Given data:
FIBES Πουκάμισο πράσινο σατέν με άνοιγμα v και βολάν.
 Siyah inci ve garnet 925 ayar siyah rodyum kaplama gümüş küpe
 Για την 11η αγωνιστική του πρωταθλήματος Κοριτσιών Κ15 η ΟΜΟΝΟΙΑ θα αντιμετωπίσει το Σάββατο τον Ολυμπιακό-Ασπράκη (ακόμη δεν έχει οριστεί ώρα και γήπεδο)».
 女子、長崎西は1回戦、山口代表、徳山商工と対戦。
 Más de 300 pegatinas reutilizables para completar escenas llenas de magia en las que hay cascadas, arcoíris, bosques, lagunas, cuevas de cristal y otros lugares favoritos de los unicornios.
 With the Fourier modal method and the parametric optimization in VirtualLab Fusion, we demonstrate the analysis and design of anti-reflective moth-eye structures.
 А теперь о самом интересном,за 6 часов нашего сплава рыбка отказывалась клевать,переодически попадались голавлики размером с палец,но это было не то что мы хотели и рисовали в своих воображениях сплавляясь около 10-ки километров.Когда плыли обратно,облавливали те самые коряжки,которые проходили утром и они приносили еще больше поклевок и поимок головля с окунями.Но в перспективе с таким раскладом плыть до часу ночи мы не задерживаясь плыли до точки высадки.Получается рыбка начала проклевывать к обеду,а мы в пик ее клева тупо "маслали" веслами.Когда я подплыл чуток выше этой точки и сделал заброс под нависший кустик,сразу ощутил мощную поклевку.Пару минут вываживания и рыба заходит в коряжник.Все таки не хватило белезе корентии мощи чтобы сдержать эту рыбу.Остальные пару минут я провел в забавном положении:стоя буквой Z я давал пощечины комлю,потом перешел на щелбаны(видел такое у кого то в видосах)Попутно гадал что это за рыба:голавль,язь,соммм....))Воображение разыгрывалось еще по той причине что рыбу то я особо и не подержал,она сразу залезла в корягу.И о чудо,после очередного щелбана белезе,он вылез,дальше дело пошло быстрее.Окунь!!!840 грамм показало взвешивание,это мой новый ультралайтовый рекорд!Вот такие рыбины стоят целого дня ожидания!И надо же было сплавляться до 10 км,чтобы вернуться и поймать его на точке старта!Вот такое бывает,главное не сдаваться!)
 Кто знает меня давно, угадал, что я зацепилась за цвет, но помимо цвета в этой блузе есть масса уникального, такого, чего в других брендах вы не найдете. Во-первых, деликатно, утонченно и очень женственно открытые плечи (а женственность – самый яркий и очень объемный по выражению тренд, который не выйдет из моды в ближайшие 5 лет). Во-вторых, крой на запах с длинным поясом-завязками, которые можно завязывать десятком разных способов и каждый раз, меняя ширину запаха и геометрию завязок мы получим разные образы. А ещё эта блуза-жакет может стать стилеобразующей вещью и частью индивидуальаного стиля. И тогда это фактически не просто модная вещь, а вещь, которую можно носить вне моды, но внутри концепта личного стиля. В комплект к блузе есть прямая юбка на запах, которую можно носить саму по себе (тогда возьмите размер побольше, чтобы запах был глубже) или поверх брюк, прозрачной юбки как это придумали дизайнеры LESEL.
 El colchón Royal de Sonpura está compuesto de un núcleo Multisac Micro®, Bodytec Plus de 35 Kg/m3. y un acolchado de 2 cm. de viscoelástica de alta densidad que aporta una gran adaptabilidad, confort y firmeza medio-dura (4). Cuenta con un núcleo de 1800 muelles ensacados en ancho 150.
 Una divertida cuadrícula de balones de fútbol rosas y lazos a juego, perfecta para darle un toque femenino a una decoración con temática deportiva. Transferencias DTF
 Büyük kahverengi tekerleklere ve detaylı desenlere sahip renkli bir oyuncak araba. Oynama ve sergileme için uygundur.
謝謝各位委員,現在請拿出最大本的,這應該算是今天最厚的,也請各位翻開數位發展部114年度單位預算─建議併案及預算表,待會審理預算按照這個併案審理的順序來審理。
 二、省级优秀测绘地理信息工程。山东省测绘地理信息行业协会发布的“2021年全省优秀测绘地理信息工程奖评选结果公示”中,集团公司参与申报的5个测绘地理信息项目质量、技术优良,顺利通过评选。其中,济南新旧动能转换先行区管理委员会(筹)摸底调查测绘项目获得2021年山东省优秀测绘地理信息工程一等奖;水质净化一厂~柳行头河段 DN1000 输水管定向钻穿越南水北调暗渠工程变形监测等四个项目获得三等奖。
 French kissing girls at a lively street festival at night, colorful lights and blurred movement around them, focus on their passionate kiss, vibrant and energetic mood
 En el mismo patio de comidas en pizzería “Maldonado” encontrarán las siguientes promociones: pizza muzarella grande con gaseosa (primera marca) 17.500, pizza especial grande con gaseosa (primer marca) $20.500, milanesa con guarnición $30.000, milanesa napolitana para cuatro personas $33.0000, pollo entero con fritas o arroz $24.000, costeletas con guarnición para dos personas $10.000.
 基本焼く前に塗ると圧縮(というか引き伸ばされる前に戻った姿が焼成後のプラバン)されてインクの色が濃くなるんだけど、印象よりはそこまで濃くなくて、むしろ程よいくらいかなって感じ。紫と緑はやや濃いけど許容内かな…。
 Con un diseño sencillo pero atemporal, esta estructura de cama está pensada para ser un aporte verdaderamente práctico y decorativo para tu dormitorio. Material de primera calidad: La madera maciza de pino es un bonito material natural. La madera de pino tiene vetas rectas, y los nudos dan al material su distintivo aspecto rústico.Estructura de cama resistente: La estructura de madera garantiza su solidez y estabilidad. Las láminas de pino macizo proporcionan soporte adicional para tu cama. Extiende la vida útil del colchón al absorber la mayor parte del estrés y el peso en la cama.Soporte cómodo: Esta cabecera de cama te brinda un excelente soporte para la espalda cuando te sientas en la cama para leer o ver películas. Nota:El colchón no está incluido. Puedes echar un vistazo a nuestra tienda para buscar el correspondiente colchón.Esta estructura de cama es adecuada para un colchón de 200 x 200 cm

Exercise instructions: Could you return exactly the stretch of the data above that starts at the line with "Büyük kahverengi tekerleklere" and ends at the line with "French kissing girls", both lines included?

Solution to the problem:
 Büyük kahverengi tekerleklere ve detaylı desenlere sahip renkli bir oyuncak araba. Oynama ve sergileme için uygundur.
謝謝各位委員,現在請拿出最大本的,這應該算是今天最厚的,也請各位翻開數位發展部114年度單位預算─建議併案及預算表,待會審理預算按照這個併案審理的順序來審理。
 二、省级优秀测绘地理信息工程。山东省测绘地理信息行业协会发布的“2021年全省优秀测绘地理信息工程奖评选结果公示”中,集团公司参与申报的5个测绘地理信息项目质量、技术优良,顺利通过评选。其中,济南新旧动能转换先行区管理委员会(筹)摸底调查测绘项目获得2021年山东省优秀测绘地理信息工程一等奖;水质净化一厂~柳行头河段 DN1000 输水管定向钻穿越南水北调暗渠工程变形监测等四个项目获得三等奖。
 French kissing girls at a lively street festival at night, colorful lights and blurred movement around them, focus on their passionate kiss, vibrant and energetic mood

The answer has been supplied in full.